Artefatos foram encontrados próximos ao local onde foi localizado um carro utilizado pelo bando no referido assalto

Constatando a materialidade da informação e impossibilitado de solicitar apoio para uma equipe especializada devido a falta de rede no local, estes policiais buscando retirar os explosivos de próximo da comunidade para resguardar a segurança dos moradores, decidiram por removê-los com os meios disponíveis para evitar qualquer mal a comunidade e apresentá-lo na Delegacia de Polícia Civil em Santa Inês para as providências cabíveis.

☆ ☆ ☆ ☆ ☆

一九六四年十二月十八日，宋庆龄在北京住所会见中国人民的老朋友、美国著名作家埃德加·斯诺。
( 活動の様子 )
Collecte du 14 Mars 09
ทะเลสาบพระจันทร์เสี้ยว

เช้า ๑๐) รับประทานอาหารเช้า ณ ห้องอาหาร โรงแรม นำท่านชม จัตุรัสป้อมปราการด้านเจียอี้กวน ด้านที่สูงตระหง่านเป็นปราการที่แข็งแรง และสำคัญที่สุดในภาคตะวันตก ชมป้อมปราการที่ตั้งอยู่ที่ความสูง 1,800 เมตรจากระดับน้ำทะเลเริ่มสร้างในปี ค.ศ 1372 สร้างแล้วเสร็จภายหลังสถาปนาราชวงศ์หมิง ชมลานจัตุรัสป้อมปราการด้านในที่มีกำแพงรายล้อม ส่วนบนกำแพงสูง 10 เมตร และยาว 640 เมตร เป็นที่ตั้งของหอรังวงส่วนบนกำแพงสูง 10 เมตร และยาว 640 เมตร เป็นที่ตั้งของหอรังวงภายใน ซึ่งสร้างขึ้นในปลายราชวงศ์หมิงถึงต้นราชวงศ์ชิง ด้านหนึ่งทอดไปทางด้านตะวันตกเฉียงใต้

☆ ☆ ☆ ☆ ☆

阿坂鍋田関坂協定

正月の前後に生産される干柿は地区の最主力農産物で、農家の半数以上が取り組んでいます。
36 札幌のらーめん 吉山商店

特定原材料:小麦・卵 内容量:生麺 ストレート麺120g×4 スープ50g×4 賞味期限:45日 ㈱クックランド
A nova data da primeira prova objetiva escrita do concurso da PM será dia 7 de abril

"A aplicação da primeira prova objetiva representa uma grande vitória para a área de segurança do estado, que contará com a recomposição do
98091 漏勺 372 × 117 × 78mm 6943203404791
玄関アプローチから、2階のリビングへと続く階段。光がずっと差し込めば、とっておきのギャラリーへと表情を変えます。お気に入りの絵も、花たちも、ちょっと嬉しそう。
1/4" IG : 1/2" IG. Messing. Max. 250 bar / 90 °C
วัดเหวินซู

☆ ☆ ☆ ☆ ☆

EXERCISE => Starting at the line that has "正月の前後に生産される干柿は" and ending at the line that has "玄関アプローチから、2階のリ", please write out the lines above exactly, leaving out all others.

REPLY TO THE TASK =>
正月の前後に生産される干柿は地区の最主力農産物で、農家の半数以上が取り組んでいます。
36 札幌のらーめん 吉山商店

特定原材料:小麦・卵 内容量:生麺 ストレート麺120g×4 スープ50g×4 賞味期限:45日 ㈱クックランド
A nova data da primeira prova objetiva escrita do concurso da PM será dia 7 de abril

"A aplicação da primeira prova objetiva representa uma grande vitória para a área de segurança do estado, que contará com a recomposição do
98091 漏勺 372 × 117 × 78mm 6943203404791
玄関アプローチから、2階のリビングへと続く階段。光がずっと差し込めば、とっておきのギャラリーへと表情を変えます。お気に入りの絵も、花たちも、ちょっと嬉しそう。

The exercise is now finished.